# who has the best pound pump for the bucks???



## Daniel Peck (Mar 31, 2009)

who has the best pound pump for the bucks??? Lowes last about 1/2 year to a year and they die... Looking for a pump that will last!!!!!!!! I am alost thinking of using a pool pump! Any and all input is welcomed....



thanks
Daniel Peck


----------



## Greg Elmassian (Jan 3, 2008)

How many pounds do you need? ok, a joke! 

I don't like inexpensive pumps, they quit, I bought an expensive one and it is running great 10 years later. 

In my mind, not replacing it in 10 years is the best for the buck. (oh, it runs 24/7) 

mine is an Oase, very nice stuff... 

Regards, Greg


----------



## altterrain (Jan 2, 2008)

I don't know what size you need as far as GPH but I have used Alpine pumps in a few installs and they have run flawlessly - http://www.pondliner.com/category/alpine_tornado_pumps.

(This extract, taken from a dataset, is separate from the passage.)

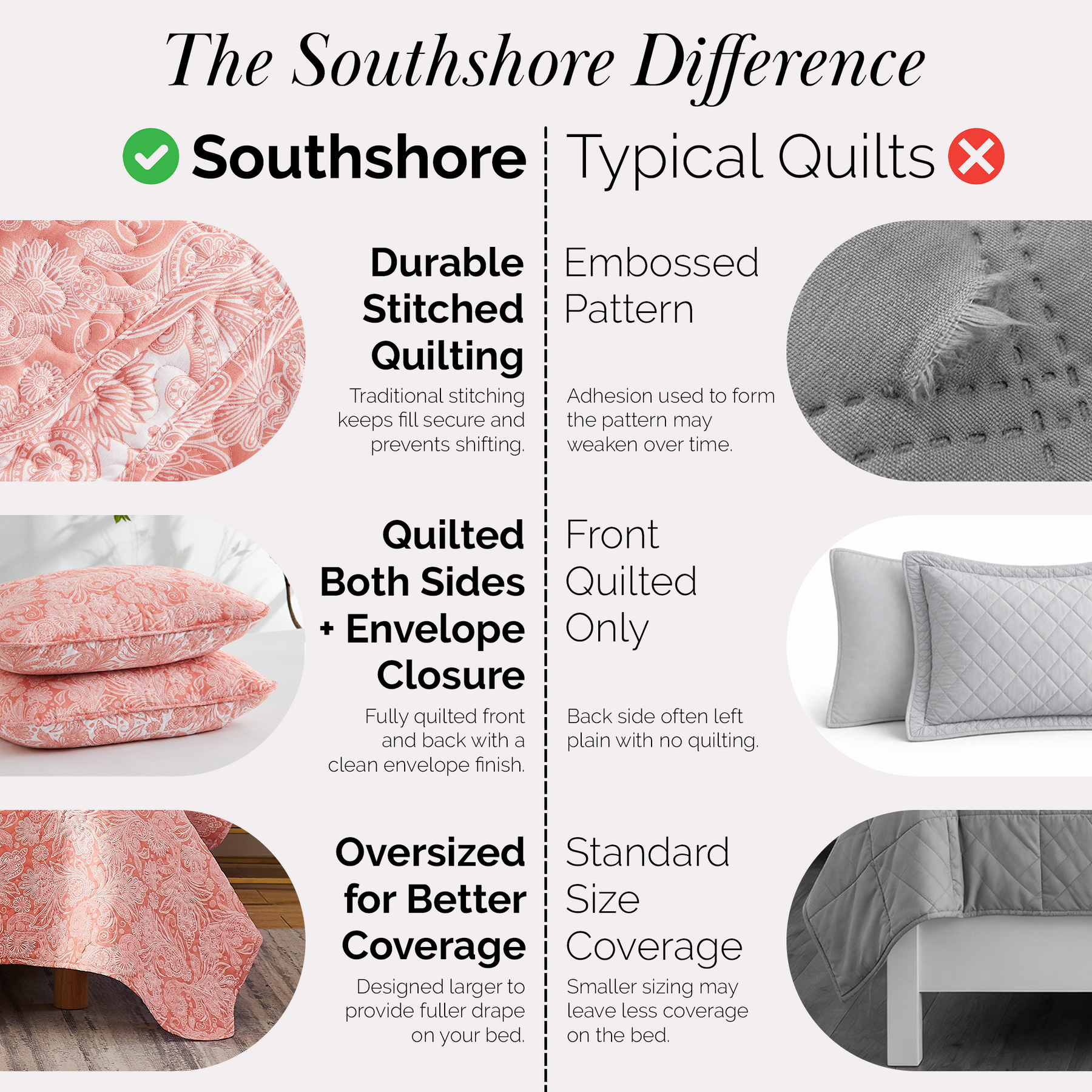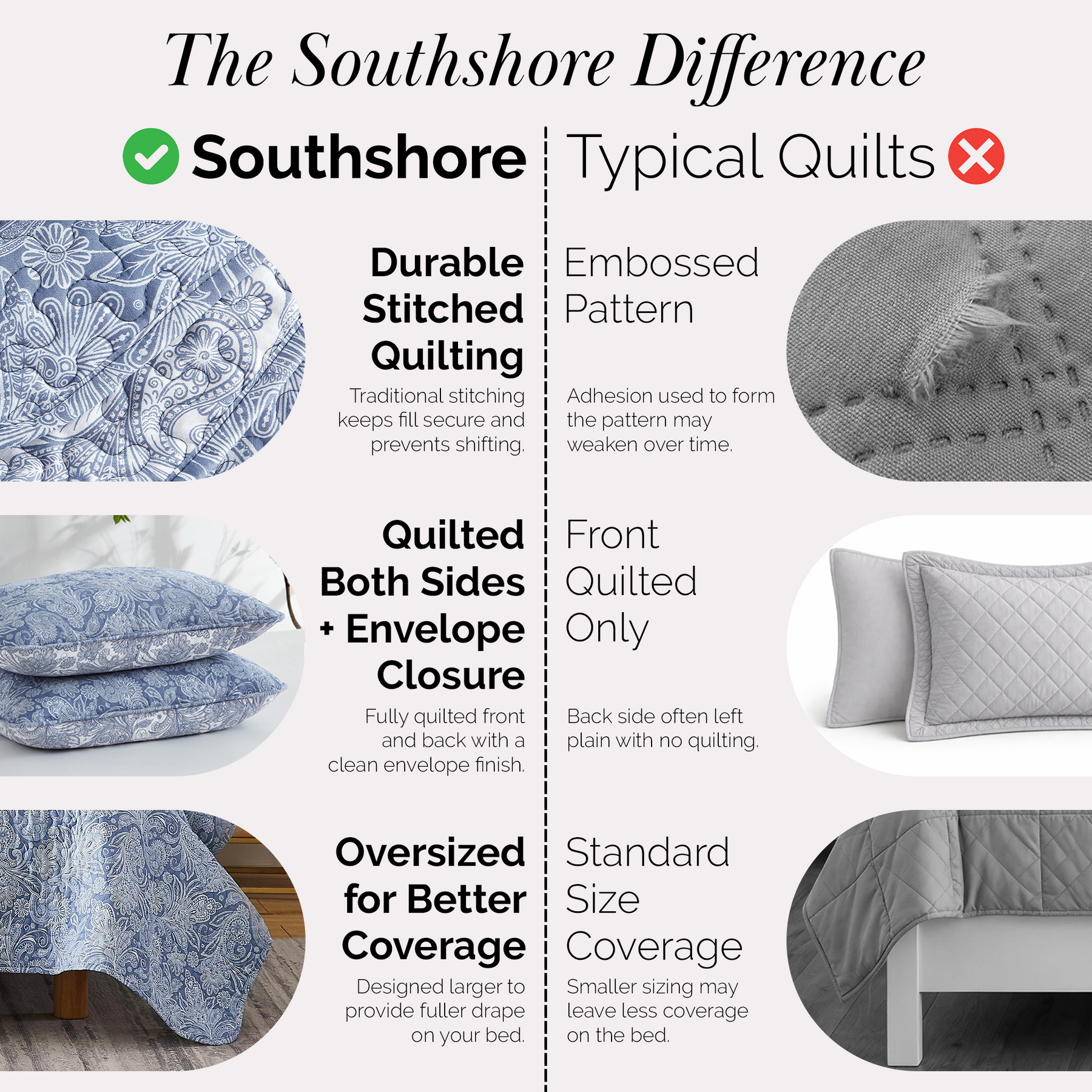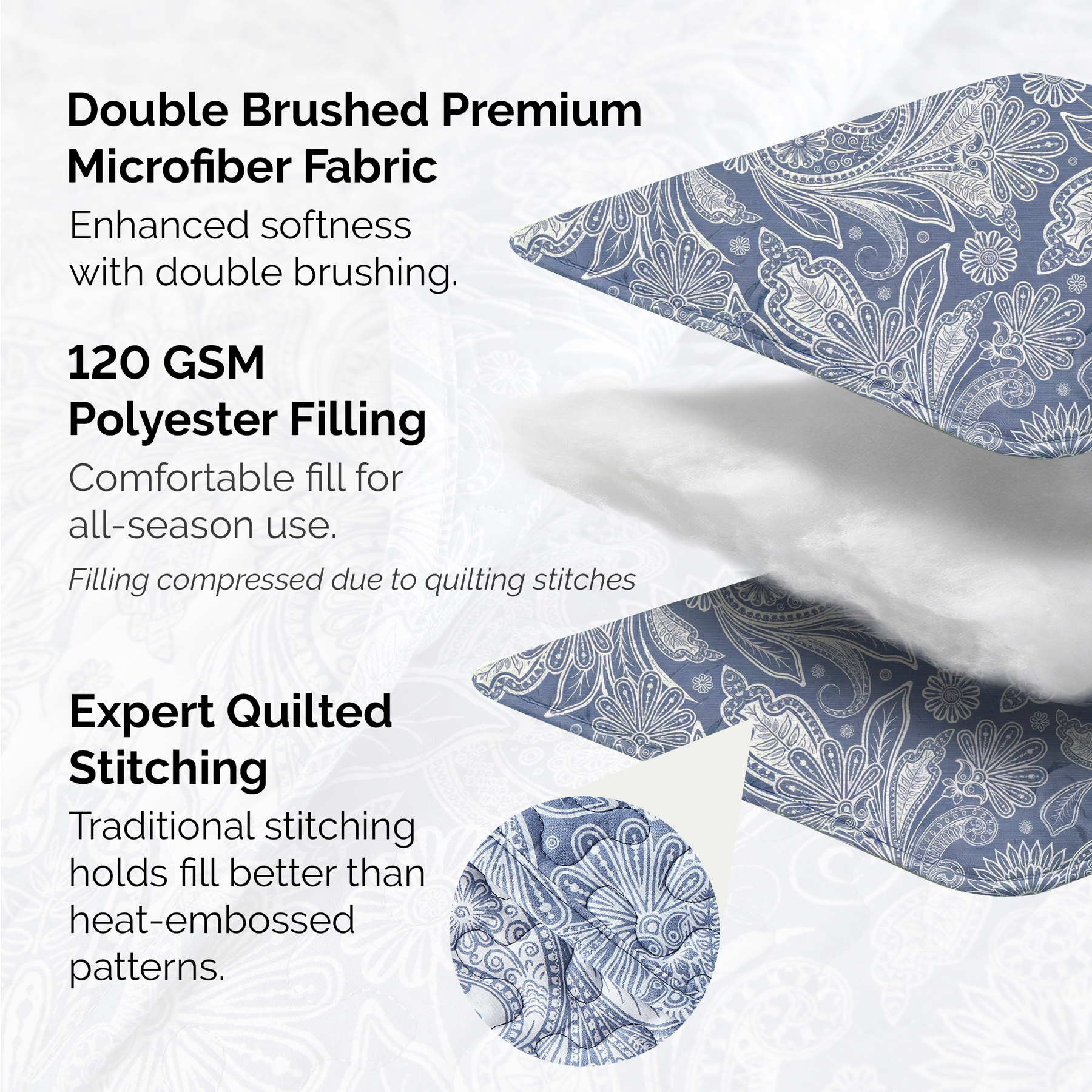 The lightweight, embroidered detail on this quilt is supreme. Ultra soft and comfortable you will sleep tight all night long.

I can also recommend Oase but they tend to be a bit more expensive. I once picked up a pond pump at Lowe's and it ran a total of 30 mins! Never again. 

-Brian


----------



## sbaxters4 (Jan 2, 2008)

well I have one from my local menards home store and it has run great for me... it was only about $100.00 and it's a 4300 gph pump!!


----------



## Totalwrecker (Feb 26, 2009)

For ponds best to get a pump made for dirty water and continuous duty. You get what you pay for... 

Used to be anyway.... but even expensive pumps aren't as good as they used to be. As caretaker at Grogan Manor I have 8 water pumps to maintain! In 3 years two huge pool pumps have failed as well as one fountain pump.... I also do well repairs and that includes changing out bad pumps for good. Word from the supplier was 1 in 3 (new pumps) will fail.... 

John


----------



## Daniel Peck (Mar 31, 2009)

which pump do you have??? about how many GPH is it???
You ar right.... about time I replace the same pump each year at $130 each I would be better off.....


----------



## Jerry Barnes (Jan 2, 2008)

We went through quite a few of the expensive pumps and they all failed. Found a Sunterra pump at our local farm store. I think the big Box stores have them also and Sears. Been going for years now.


----------